Most, but not all, students take these tests. Exemptions may be given to students in special education, as determined by their Individual Education Program teams. Exemptions also may be given to students who are not following a standard course of study, such as those in alternative education or adolescent parenting programs.

Grade retention histories usually are available (or can be inferred from birthdates and grade levels). Educational reform is making grade retention data more valuable. Although widespread adherence to the principles of social promotion have dominated the nation's public schools for many years, legislation in many states (e.g., California, New York, North Carolina) is now discouraging social promotion. In the future, grade retention may indicate a child's true performance, not just a school's educational strategy regarding social promotion.

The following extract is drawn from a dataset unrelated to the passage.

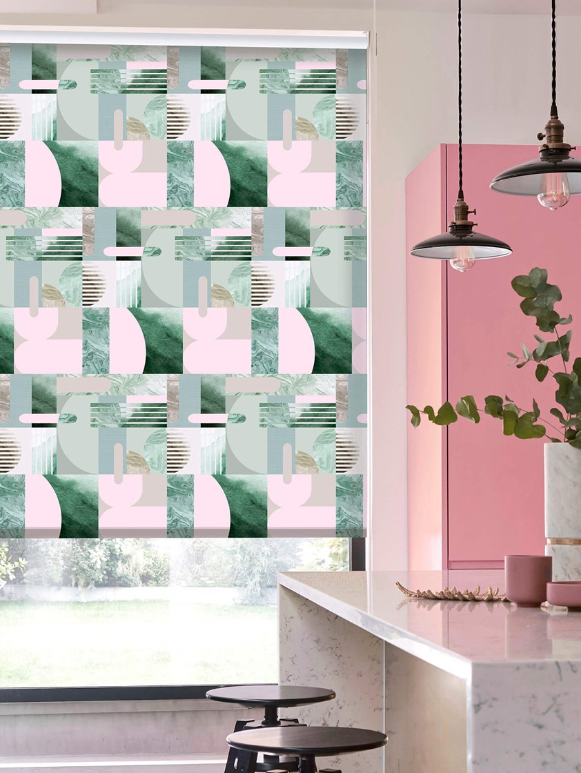 In stunning tones of pinks, green and blue this contemporary geometric roller blind incorporates the watercolour trend with beautiful marble inlays adding a splash of colour to your home.
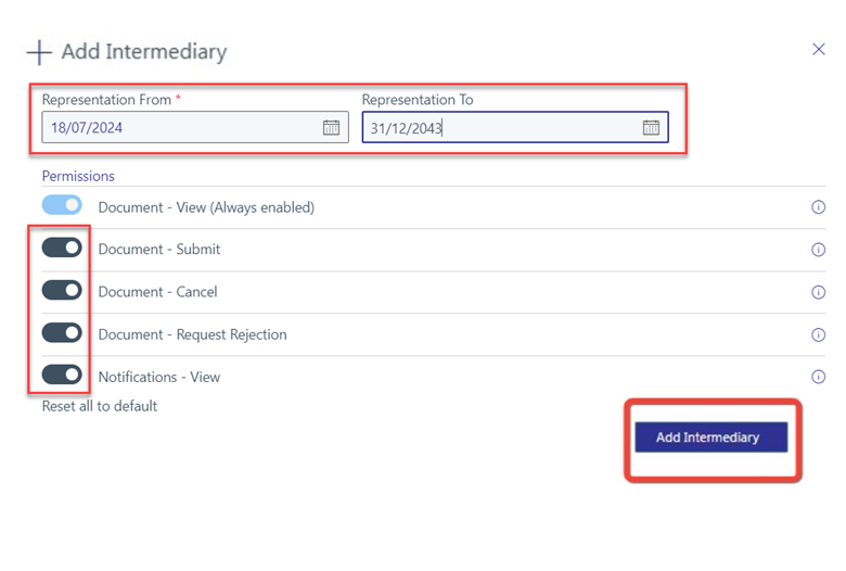 Set the ‘Representation From’ and ‘Representation To’ dates, customize the permissions as required, then click ‘Add Intermediary’ to complete the process.

School services data also are obtainable, although the lack of standardization makes it difficult to assess change when students also change schools during the period under study. School attendance data also is likely to be automated, although comparisons across schools and, especially, unified school districts must be done with care because of different ways of administering the statewide definitions of attendance. Schools also have data about student's disciplinary actions--nearly always including suspensions or expulsions, but also including a variety of other disciplinary actions that are less severe. But caution is also needed in making comparisons about disciplinary actions in school. This is particularly true of suspensions, as some schools use them routinely and some schools use them only after considerable effort to mediate the problematic situation. Further, different rules typically apply to children receiving special education services and the proportion of children receiving special education services is, in turn, quite variable across schools. To assess the effects of welfare reform on the educational outcomes of children, even a minimum data set that included measures of academic achievement, absences, and suspensions would be useful (see Box 10-3).